(Records from a dataset)
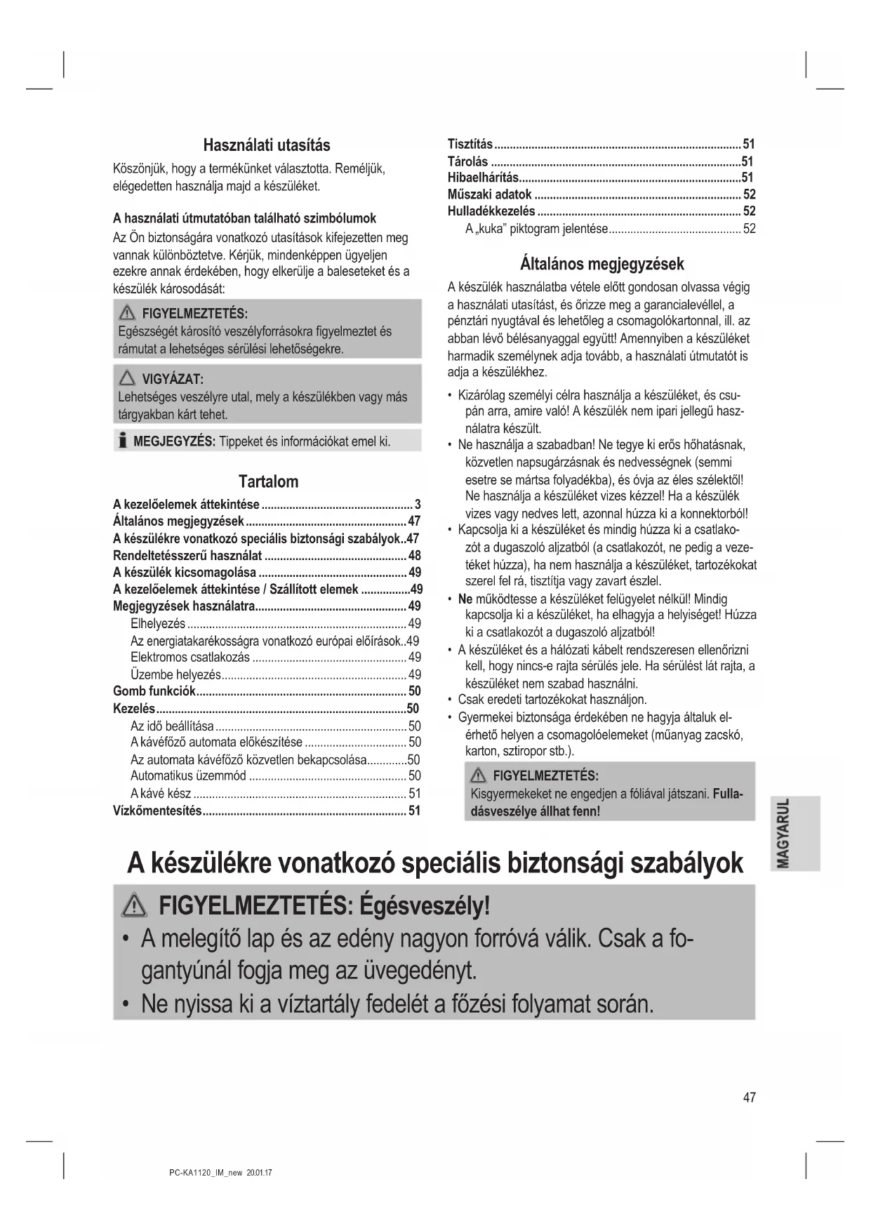- Ne próbálja saját kezűleg megjavítani a készüléket. Mindig lépjen kapcsolatba szakképzett szerelővel. Ha a villanyvezeték megsérül, a gyártónak, a szerviz ügynökségnek vagy más, hasonlóan képzett személynek kell a javítást végeznie, a veszélyek elkerülése érdeké- ben.49 PC-KA1120_IM_new 20.01.17 Rendeltetésszerű használat
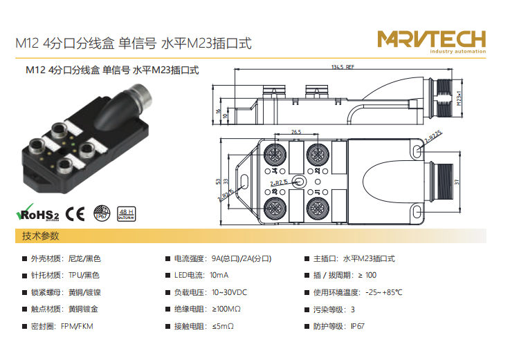 M12-4スプリットスプリットボックス-単信号-水平M23ソケット式
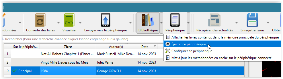 Dernière étape et non des moindres : il reste à déconnecter proprement la liseuse pour qu'elle intègre les nouveaux fichiers dans son environnement. Cela se fait en cliquant sur la petite flèche à droite du bouton [Périphérique] puis en sélectionnant l'option [Éjecter ce périphérique] :
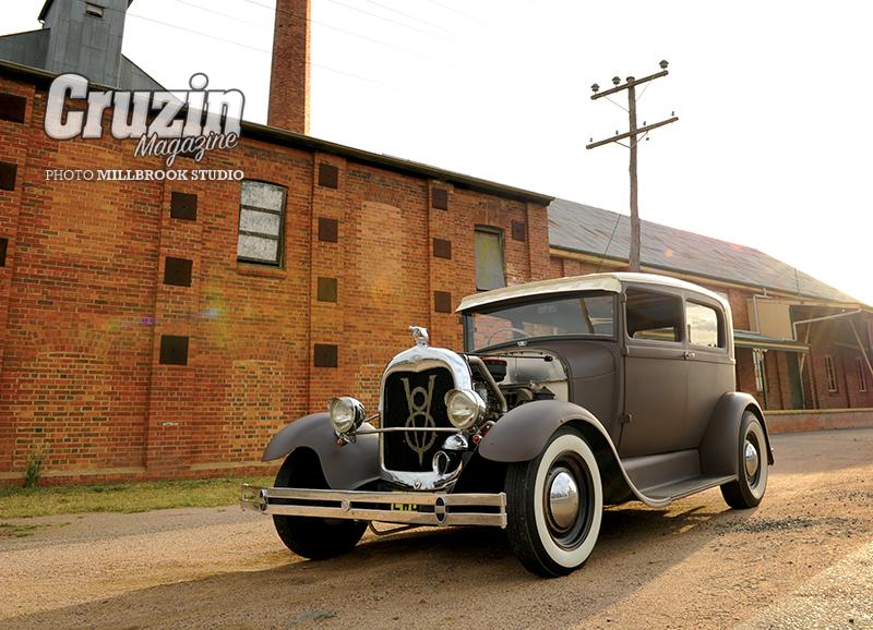Heading for home I knew we had made a strong connection and as the years past the Bakers have become good friends. We catch up when possible and at rod runs or over a bottle of red, and John is the first one on the phone to tell me of his latest project or old tin acquisition. John’s passion for vintage cars and uncanny ability to create notable vehicles that indulge individualism on a thrifty budget is truly inspiring, right from his first attempt at hot rodding, the Windspeed Model A RPU. Raised as a restorer, that honest A was John’s first toe in the water of this obsessive hobby that can easily flood the veins for life after that initial surface tension breach. Since then John has accomplished a string of cool cars including a unique ‘28 Model A sport coupe with pollyhead Chrysler power and currently terrorises Inverell in his equally distinctive, and Mopar motivated, ’34 Plymouth coupe.
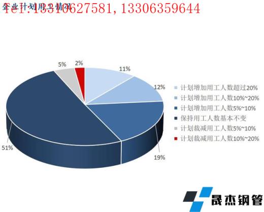 12、樣本企業計劃用工情況:計劃增加用工人數超過20%的企業占比11.24%;計劃增加用工人數10%~20%的企業占比12.36%;計劃增加用工人數5%~10%的企業占比19.10%;保持用工人數基本不變的企業占比50.56%;計劃裁減用工人數5%~10%的企業占比4.49%;計劃裁減用工人數10%~20%的企業占比2.25%。
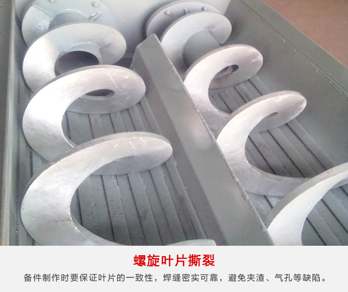 1、由于原料中异物等可造成螺旋叶片损坏,严重时螺旋叶片与螺旋轴焊接处脱焊,形成螺旋叶片撕裂,螺旋叶片损坏需提高备件质量和强度,在备件制作时要保证叶片的一致性,焊缝密实可靠,避免夹渣、气孔等缺陷,保证焊接质量,同时提高螺旋轴及传动轴的强度。
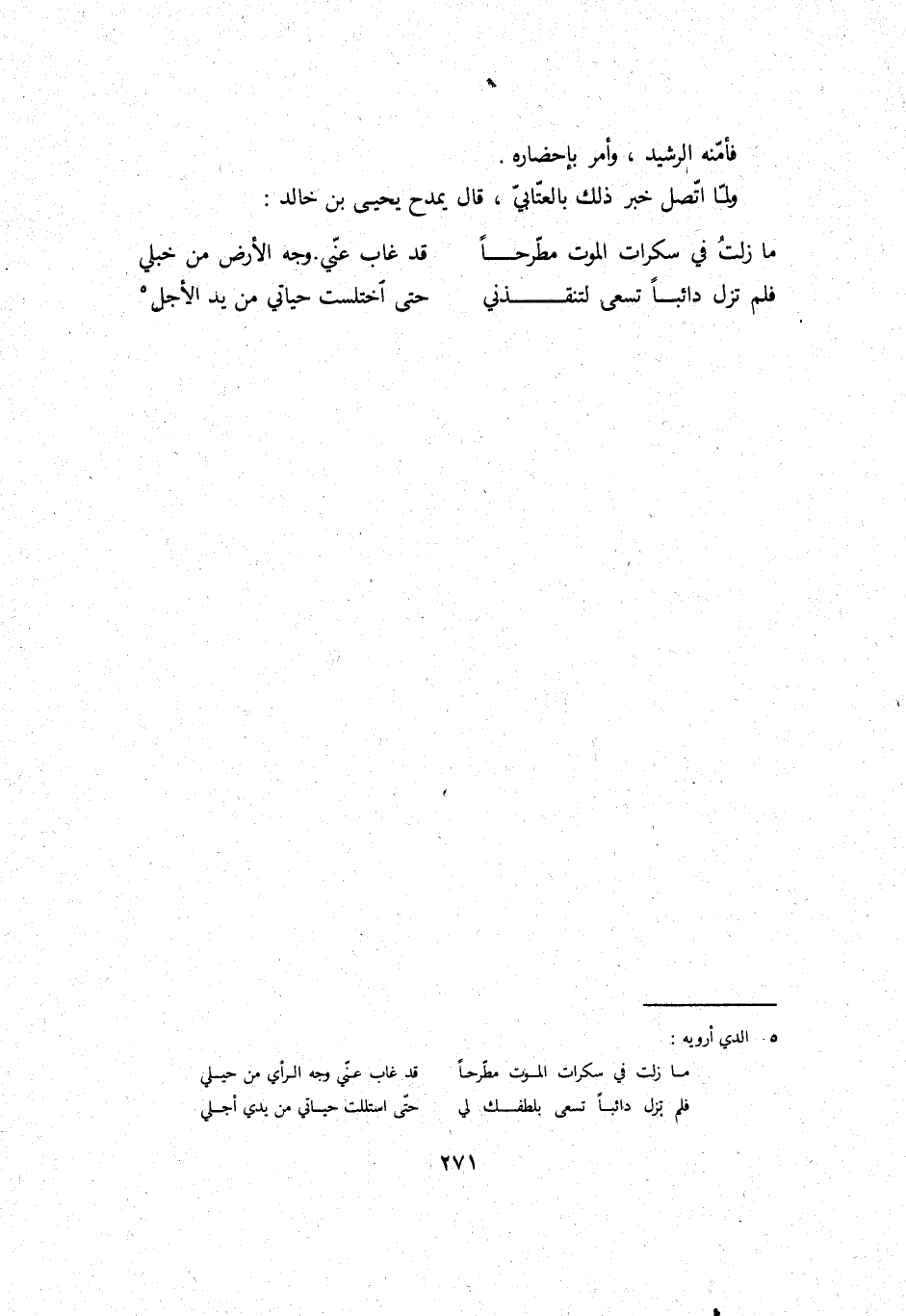 وَلما اتَّصل خبر ذَلِك بالعتابي، قَالَ يمدح يحيى بن خَالِد:
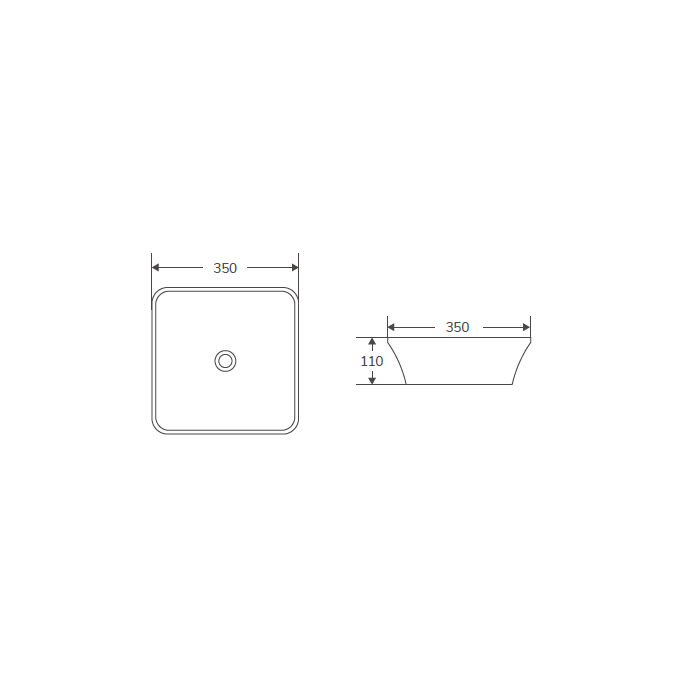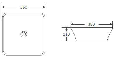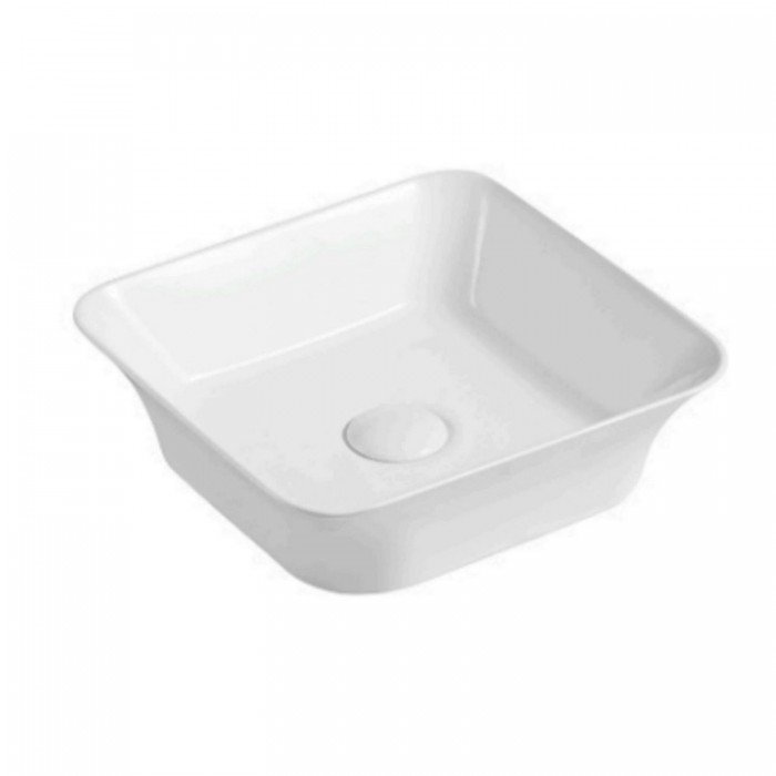 - Lavabo de forma cuadrada con líneas suaves y redondeadas.
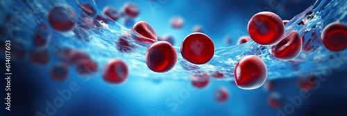 microscopic view of red and white blood cells flowing in a vein, symbolizing hematology and health, on a deep blue background
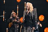 Концерт "Квартирник у Маргулиса. 10 лет." в многофункциональном комплексе "Live Арена". Солист группы Uma2rman Владимир Кристовский (второй справа) и певица Алсу (справа) во время выступления.
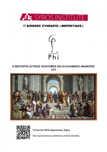 Στο πλαίσιο του πολιτιστικού προγράμματος του Δήμου Σύρου – Ερμούπολης «Σύρος Πολιτισμός 2019», το Ινστιτούτο Σύρου διοργανώνει Διεθνές Συνέδριο με θέμα : "O νεότερος Δυτικός πολιτισμός και οι ελληνικές αναφορές του". Το συνέδριο θα διεξαχθεί 7-9 Ιουνίου 2019 στο Θέατρο Απόλλων, με τη συμμετοχή προσωπικοτήτων των γραμμάτων, των επιστημών και των τεχνών, οι οποίοι έχουν προσκληθεί ως κεντρικοί ομιλητές. Το συνέδριο τελεί υπό την αιγίδα του Α.Ε. του Προέδρου της Δημοκρατίας κ. Προκοπίου Παυλοπούλου και περιλαμβάνει 3 διακεκριμένες ενότητες με τις ακόλουθες θεματικές:
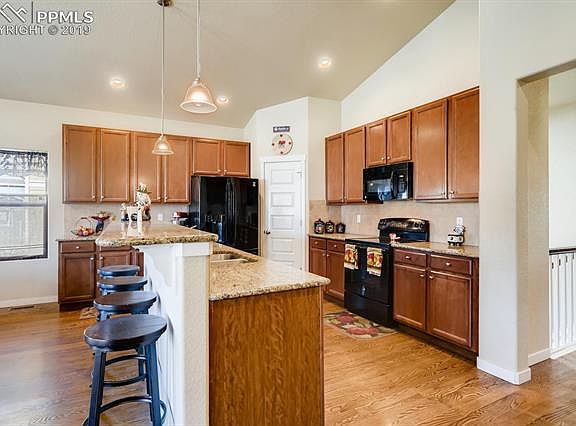 Beautiful home ready for you to move in with all the extras! This home is fully landscaped with a working fountain/pond in the backyard. Huge oversized wood deck, fully fenced and majestic views of Cheyenne Mountain. Home boasts and open concept with a large kitchen with granite countertops all appliances and a kitchen bar. Hardwood floors are gorgeous throughout the main level. Walk out from the separate dining room unto the back deck and take in the views! Main level has a bedroom and full bathroom as well as a large master retreat with a 5 piece en-suite bathroom and large walk in closet. Downstairs overs another full bathroom as well as three large bedrooms and a HUGE family room / recreation room. Pool table and game table that fit perfectly can be purchased. Lots of storage in this home. The property is not missing a single detail to include A/C. Large garage with lots of room. This home is close to I-25, shopping and military bases. It is beautiful and will go fast be sure to check it out and bring us your offers!
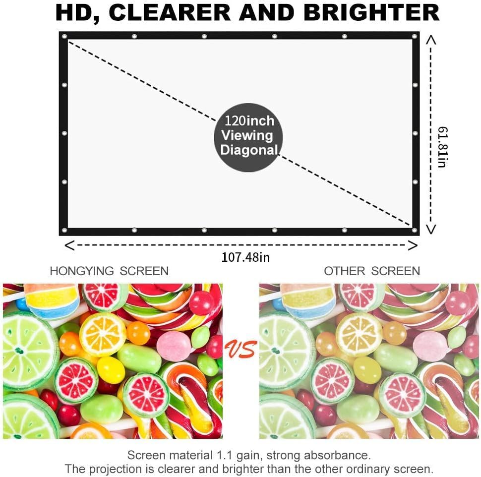 【Cinema Quality Visuals】120"16:9 large projection screen size allows you and your family to be immersed in the shocking picture at movie night, allowing you to enjoy the cinema big screen anytime, anywhere.
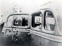 At approximately 9:00 A.M. on May 23 the posse, concealed in the bushes and almost ready to concede defeat, heard Clyde's stolen Ford approaching. The official report has Clyde stopping to speak with Henry Methvin's father, Ivan — planted there with his truck that morning to distract Clyde and force him into the lane closest to the posse — the lawmen opened fire, killing Bonnie and Clyde while shooting a combined total of approximately 130 rounds. By 9:15, the couple was dead. The duo had been hit by 50 or more rounds. The posse, under Hamer's direct orders, did not call out a warning,[31] or order the duo to surrender before firing. Clyde was killed instantly from Oakley's initial head shot. The officers emptied the specially-ordered automatic rifle, as well as rifles, shotguns and pistols at the car. According to Ted Hinton's and Bob Alcorn's statement to the Dallas Dispatch on May 24, 1934: "Each of us six officers had a shotgun and an automatic rifle and pistols. We opened fire with the automatic rifles. They were emptied before the car got even with us. Then we used shotguns …. There was smoke coming from the car, and it looked like it was on fire. After shooting the shotguns, we emptied the pistols at the car, which had passed us and ran into a ditch about 50 yards on down the road. It almost turned over. We kept shooting at the car even after it stopped. We weren't taking any chances."[32] Officers inspected the vehicle and discovered a small arsenal of weapons including stolen automatic rifles, semi-automatic shotguns, assorted handguns, and several thousand rounds of ammunition, along with 15 different license plates from various states and a saxophone that Clyde liked to play.

*Problem statement*
Although pictures appear among the records above, write out exactly only the lines from the one that has "وَلما اتَّصل خبر" through the one that has "Στο πλαίσιο του", and leave the pictures out.

*Answer to this problem*
 وَلما اتَّصل خبر ذَلِك بالعتابي، قَالَ يمدح يحيى بن خَالِد:
 - Lavabo de forma cuadrada con líneas suaves y redondeadas.
 microscopic view of red and white blood cells flowing in a vein, symbolizing hematology and health, on a deep blue background
 Концерт "Квартирник у Маргулиса. 10 лет." в многофункциональном комплексе "Live Арена". Солист группы Uma2rman Владимир Кристовский (второй справа) и певица Алсу (справа) во время выступления.
 Στο πλαίσιο του πολιτιστικού προγράμματος του Δήμου Σύρου – Ερμούπολης «Σύρος Πολιτισμός 2019», το Ινστιτούτο Σύρου διοργανώνει Διεθνές Συνέδριο με θέμα : "O νεότερος Δυτικός πολιτισμός και οι ελληνικές αναφορές του". Το συνέδριο θα διεξαχθεί 7-9 Ιουνίου 2019 στο Θέατρο Απόλλων, με τη συμμετοχή προσωπικοτήτων των γραμμάτων, των επιστημών και των τεχνών, οι οποίοι έχουν προσκληθεί ως κεντρικοί ομιλητές. Το συνέδριο τελεί υπό την αιγίδα του Α.Ε. του Προέδρου της Δημοκρατίας κ. Προκοπίου Παυλοπούλου και περιλαμβάνει 3 διακεκριμένες ενότητες με τις ακόλουθες θεματικές:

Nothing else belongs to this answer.